* Work instruction
Your copy should repeat each record below exactly and contain no images.

* Records from a data collection

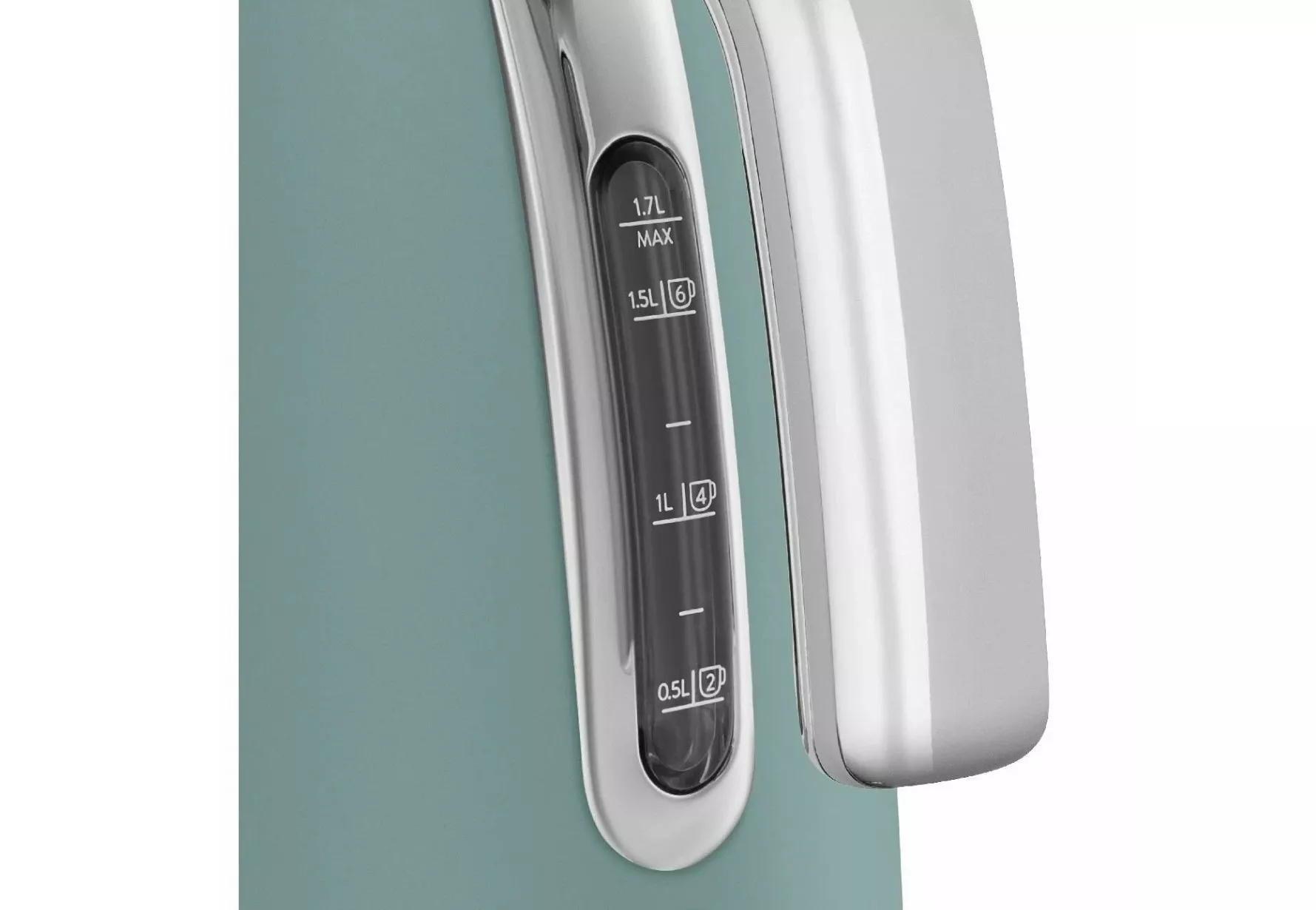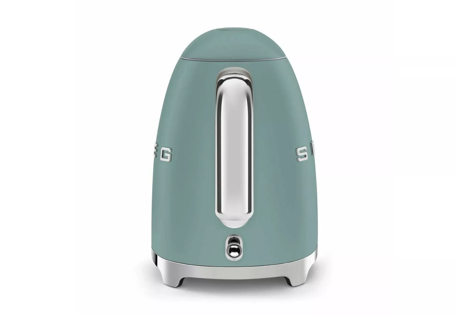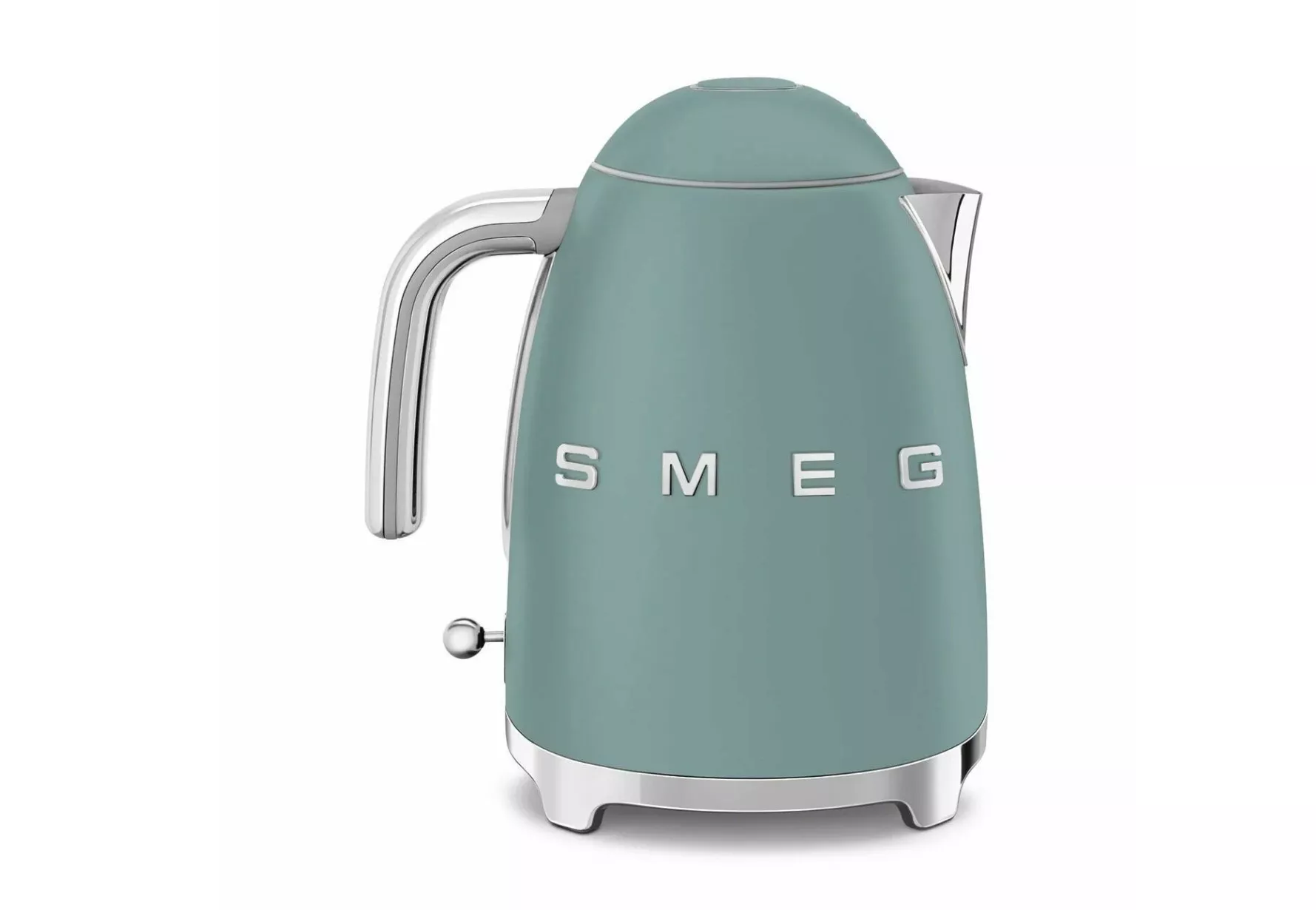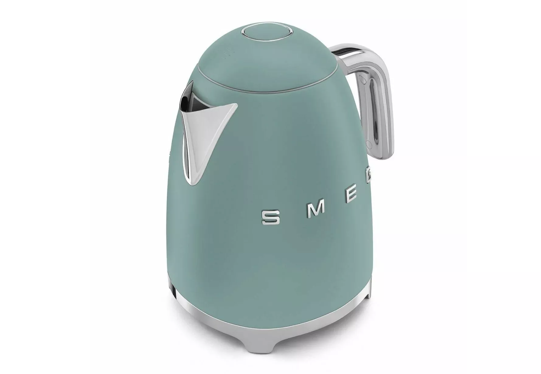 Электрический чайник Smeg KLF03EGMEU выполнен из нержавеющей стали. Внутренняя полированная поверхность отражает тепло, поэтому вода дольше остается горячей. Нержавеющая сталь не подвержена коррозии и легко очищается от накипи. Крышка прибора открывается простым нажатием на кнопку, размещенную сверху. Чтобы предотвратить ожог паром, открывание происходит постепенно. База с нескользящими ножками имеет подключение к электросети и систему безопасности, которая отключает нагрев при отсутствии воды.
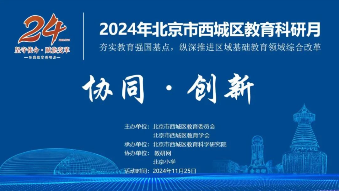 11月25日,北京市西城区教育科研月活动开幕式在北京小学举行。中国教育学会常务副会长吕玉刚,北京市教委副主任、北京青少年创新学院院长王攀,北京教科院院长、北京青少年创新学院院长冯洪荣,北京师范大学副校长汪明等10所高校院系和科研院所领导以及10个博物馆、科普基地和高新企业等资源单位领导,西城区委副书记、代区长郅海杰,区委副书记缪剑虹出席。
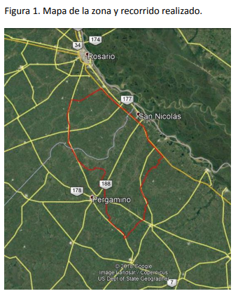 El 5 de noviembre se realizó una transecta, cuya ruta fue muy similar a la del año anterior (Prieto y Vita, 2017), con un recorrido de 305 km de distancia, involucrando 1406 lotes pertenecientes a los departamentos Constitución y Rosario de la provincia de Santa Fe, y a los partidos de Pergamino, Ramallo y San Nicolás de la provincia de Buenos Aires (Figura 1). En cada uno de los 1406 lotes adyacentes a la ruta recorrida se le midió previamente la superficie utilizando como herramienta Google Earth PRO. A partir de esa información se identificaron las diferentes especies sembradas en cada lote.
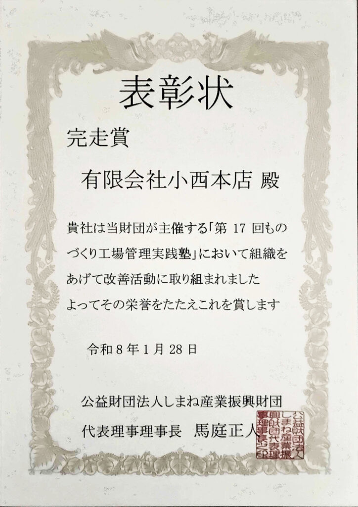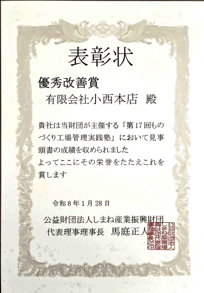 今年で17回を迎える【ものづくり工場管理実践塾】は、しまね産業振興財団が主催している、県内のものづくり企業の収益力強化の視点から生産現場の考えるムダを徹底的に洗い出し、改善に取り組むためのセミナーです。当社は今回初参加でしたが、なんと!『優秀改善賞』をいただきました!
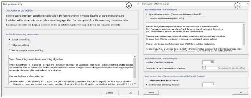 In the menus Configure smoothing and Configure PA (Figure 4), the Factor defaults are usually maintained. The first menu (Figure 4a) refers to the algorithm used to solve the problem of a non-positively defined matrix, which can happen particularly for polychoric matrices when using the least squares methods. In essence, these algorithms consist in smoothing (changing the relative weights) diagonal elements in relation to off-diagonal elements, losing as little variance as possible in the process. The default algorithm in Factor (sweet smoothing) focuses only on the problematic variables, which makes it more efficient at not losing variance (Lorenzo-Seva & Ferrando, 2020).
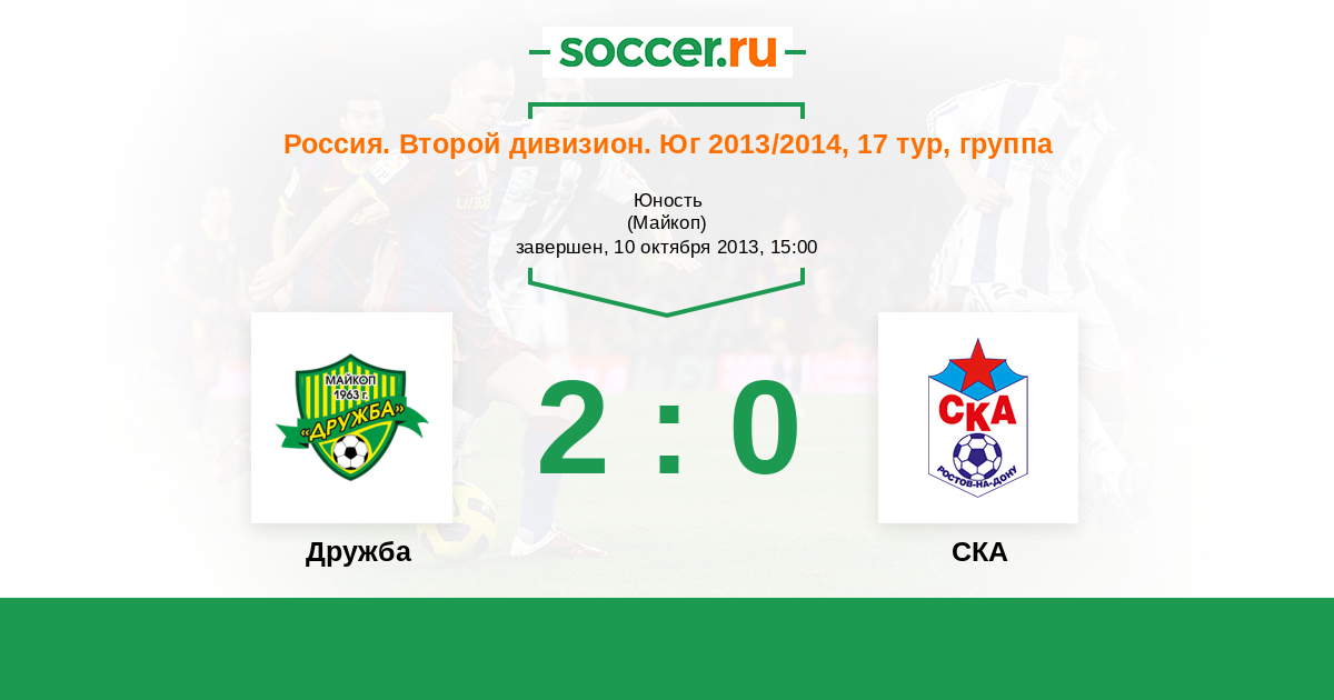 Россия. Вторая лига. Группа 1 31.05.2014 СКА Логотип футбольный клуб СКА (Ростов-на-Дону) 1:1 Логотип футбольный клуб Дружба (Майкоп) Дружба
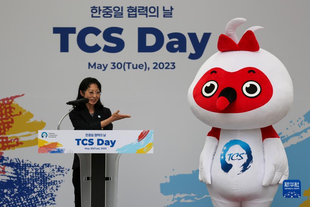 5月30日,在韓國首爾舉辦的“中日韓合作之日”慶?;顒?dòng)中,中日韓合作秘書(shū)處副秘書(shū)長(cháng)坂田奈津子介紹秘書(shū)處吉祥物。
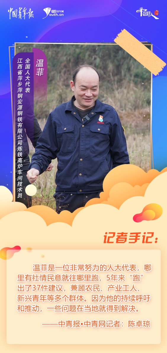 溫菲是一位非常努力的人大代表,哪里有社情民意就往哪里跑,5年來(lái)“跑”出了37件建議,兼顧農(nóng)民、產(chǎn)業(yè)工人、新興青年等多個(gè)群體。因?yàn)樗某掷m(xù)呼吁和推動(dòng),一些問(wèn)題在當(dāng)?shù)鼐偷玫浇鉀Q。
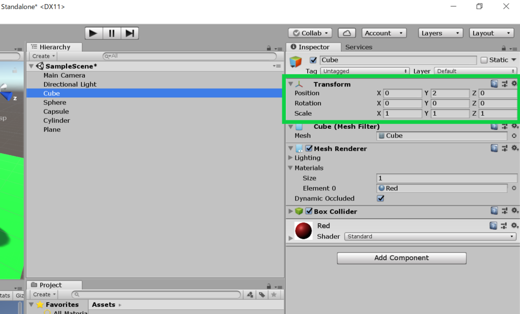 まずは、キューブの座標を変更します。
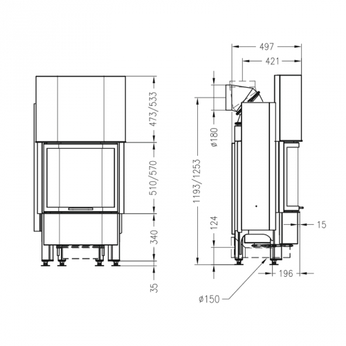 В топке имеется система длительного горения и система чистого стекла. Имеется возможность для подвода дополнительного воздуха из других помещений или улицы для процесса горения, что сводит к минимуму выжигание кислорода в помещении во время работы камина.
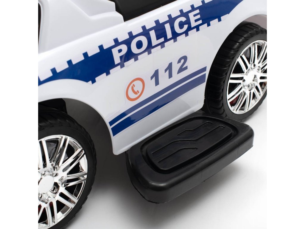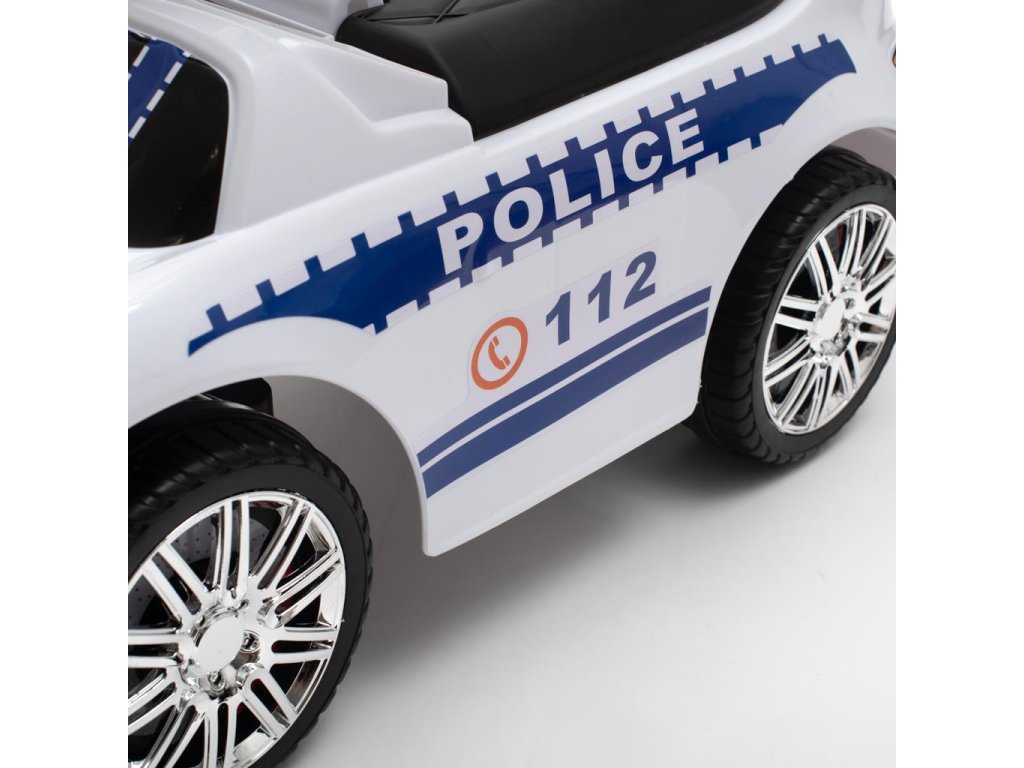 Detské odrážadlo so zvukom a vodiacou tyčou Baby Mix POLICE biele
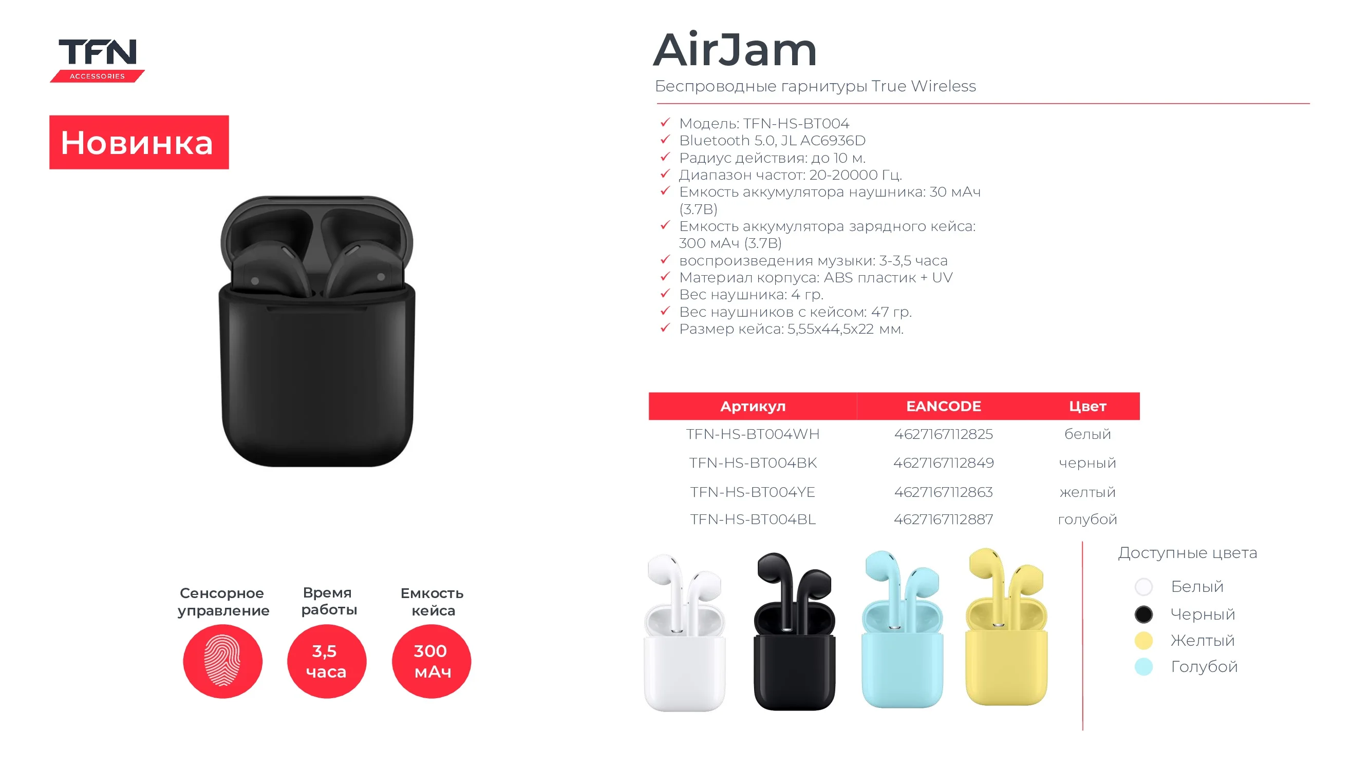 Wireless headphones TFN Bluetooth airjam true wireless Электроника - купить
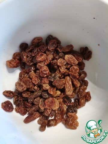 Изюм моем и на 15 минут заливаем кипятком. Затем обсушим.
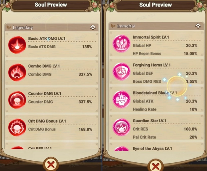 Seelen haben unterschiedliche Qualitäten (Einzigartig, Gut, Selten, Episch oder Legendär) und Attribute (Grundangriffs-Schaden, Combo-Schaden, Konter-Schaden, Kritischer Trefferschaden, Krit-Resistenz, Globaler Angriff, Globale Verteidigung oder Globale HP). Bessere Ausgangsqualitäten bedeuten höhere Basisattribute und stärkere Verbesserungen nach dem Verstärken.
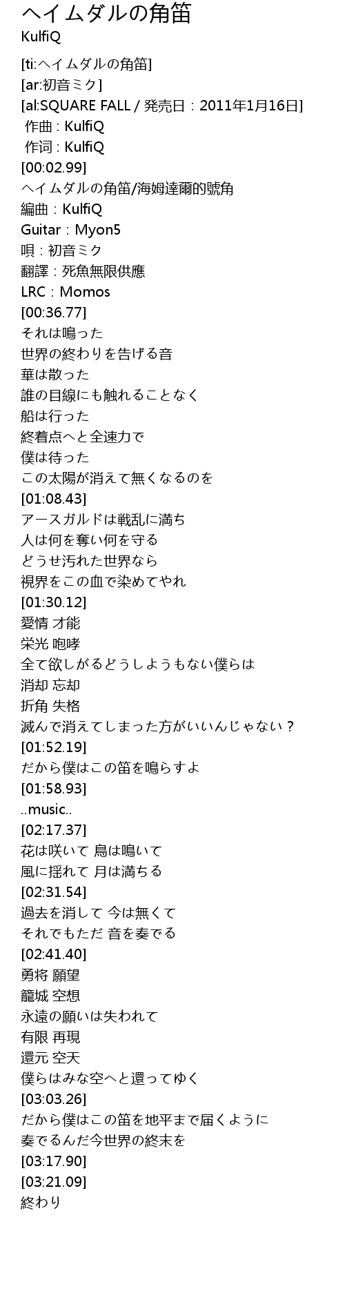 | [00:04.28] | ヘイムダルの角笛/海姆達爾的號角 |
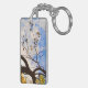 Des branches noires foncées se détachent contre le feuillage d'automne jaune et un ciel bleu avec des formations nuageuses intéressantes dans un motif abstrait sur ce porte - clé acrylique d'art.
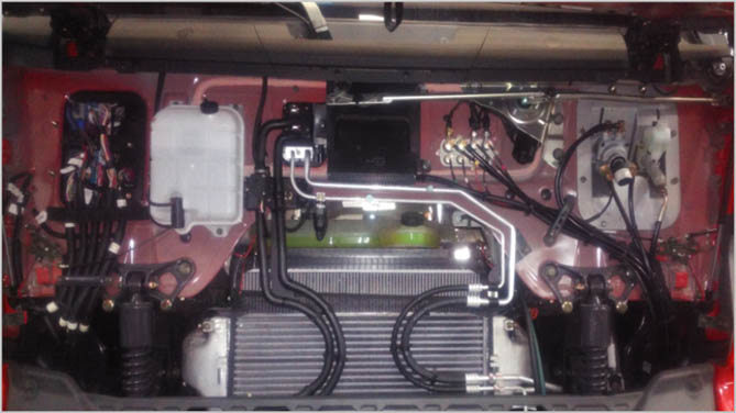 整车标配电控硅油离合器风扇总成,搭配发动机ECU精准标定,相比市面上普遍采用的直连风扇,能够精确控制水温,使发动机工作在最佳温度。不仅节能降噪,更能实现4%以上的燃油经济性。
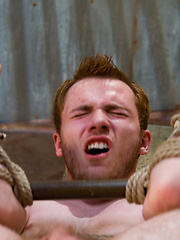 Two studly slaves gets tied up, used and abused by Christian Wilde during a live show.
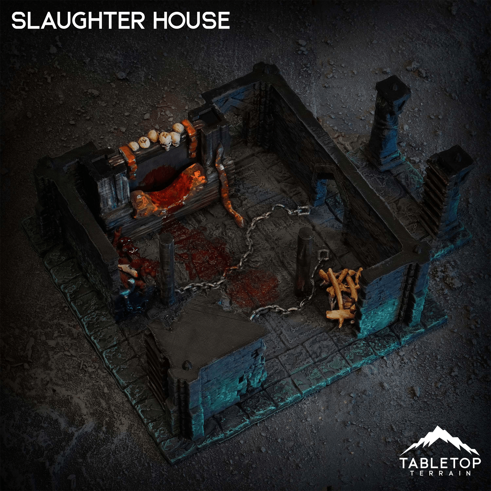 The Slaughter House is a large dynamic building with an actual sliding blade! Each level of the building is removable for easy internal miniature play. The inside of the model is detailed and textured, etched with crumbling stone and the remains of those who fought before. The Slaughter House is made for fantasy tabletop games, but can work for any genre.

* Solution
 Электрический чайник Smeg KLF03EGMEU выполнен из нержавеющей стали. Внутренняя полированная поверхность отражает тепло, поэтому вода дольше остается горячей. Нержавеющая сталь не подвержена коррозии и легко очищается от накипи. Крышка прибора открывается простым нажатием на кнопку, размещенную сверху. Чтобы предотвратить ожог паром, открывание происходит постепенно. База с нескользящими ножками имеет подключение к электросети и систему безопасности, которая отключает нагрев при отсутствии воды.
 11月25日,北京市西城区教育科研月活动开幕式在北京小学举行。中国教育学会常务副会长吕玉刚,北京市教委副主任、北京青少年创新学院院长王攀,北京教科院院长、北京青少年创新学院院长冯洪荣,北京师范大学副校长汪明等10所高校院系和科研院所领导以及10个博物馆、科普基地和高新企业等资源单位领导,西城区委副书记、代区长郅海杰,区委副书记缪剑虹出席。
 El 5 de noviembre se realizó una transecta, cuya ruta fue muy similar a la del año anterior (Prieto y Vita, 2017), con un recorrido de 305 km de distancia, involucrando 1406 lotes pertenecientes a los departamentos Constitución y Rosario de la provincia de Santa Fe, y a los partidos de Pergamino, Ramallo y San Nicolás de la provincia de Buenos Aires (Figura 1). En cada uno de los 1406 lotes adyacentes a la ruta recorrida se le midió previamente la superficie utilizando como herramienta Google Earth PRO. A partir de esa información se identificaron las diferentes especies sembradas en cada lote.
 今年で17回を迎える【ものづくり工場管理実践塾】は、しまね産業振興財団が主催している、県内のものづくり企業の収益力強化の視点から生産現場の考えるムダを徹底的に洗い出し、改善に取り組むためのセミナーです。当社は今回初参加でしたが、なんと!『優秀改善賞』をいただきました!
 In the menus Configure smoothing and Configure PA (Figure 4), the Factor defaults are usually maintained. The first menu (Figure 4a) refers to the algorithm used to solve the problem of a non-positively defined matrix, which can happen particularly for polychoric matrices when using the least squares methods. In essence, these algorithms consist in smoothing (changing the relative weights) diagonal elements in relation to off-diagonal elements, losing as little variance as possible in the process. The default algorithm in Factor (sweet smoothing) focuses only on the problematic variables, which makes it more efficient at not losing variance (Lorenzo-Seva & Ferrando, 2020).
 Россия. Вторая лига. Группа 1 31.05.2014 СКА Логотип футбольный клуб СКА (Ростов-на-Дону) 1:1 Логотип футбольный клуб Дружба (Майкоп) Дружба
 5月30日,在韓國首爾舉辦的“中日韓合作之日”慶?;顒?dòng)中,中日韓合作秘書(shū)處副秘書(shū)長(cháng)坂田奈津子介紹秘書(shū)處吉祥物。
 溫菲是一位非常努力的人大代表,哪里有社情民意就往哪里跑,5年來(lái)“跑”出了37件建議,兼顧農(nóng)民、產(chǎn)業(yè)工人、新興青年等多個(gè)群體。因?yàn)樗某掷m(xù)呼吁和推動(dòng),一些問(wèn)題在當(dāng)?shù)鼐偷玫浇鉀Q。
 まずは、キューブの座標を変更します。
 В топке имеется система длительного горения и система чистого стекла. Имеется возможность для подвода дополнительного воздуха из других помещений или улицы для процесса горения, что сводит к минимуму выжигание кислорода в помещении во время работы камина.
 Detské odrážadlo so zvukom a vodiacou tyčou Baby Mix POLICE biele
 Wireless headphones TFN Bluetooth airjam true wireless Электроника - купить
 Изюм моем и на 15 минут заливаем кипятком. Затем обсушим.
 Seelen haben unterschiedliche Qualitäten (Einzigartig, Gut, Selten, Episch oder Legendär) und Attribute (Grundangriffs-Schaden, Combo-Schaden, Konter-Schaden, Kritischer Trefferschaden, Krit-Resistenz, Globaler Angriff, Globale Verteidigung oder Globale HP). Bessere Ausgangsqualitäten bedeuten höhere Basisattribute und stärkere Verbesserungen nach dem Verstärken.
 | [00:04.28] | ヘイムダルの角笛/海姆達爾的號角 |
 Des branches noires foncées se détachent contre le feuillage d'automne jaune et un ciel bleu avec des formations nuageuses intéressantes dans un motif abstrait sur ce porte - clé acrylique d'art.
 整车标配电控硅油离合器风扇总成,搭配发动机ECU精准标定,相比市面上普遍采用的直连风扇,能够精确控制水温,使发动机工作在最佳温度。不仅节能降噪,更能实现4%以上的燃油经济性。
 Two studly slaves gets tied up, used and abused by Christian Wilde during a live show.
 The Slaughter House is a large dynamic building with an actual sliding blade! Each level of the building is removable for easy internal miniature play. The inside of the model is detailed and textured, etched with crumbling stone and the remains of those who fought before. The Slaughter House is made for fantasy tabletop games, but can work for any genre.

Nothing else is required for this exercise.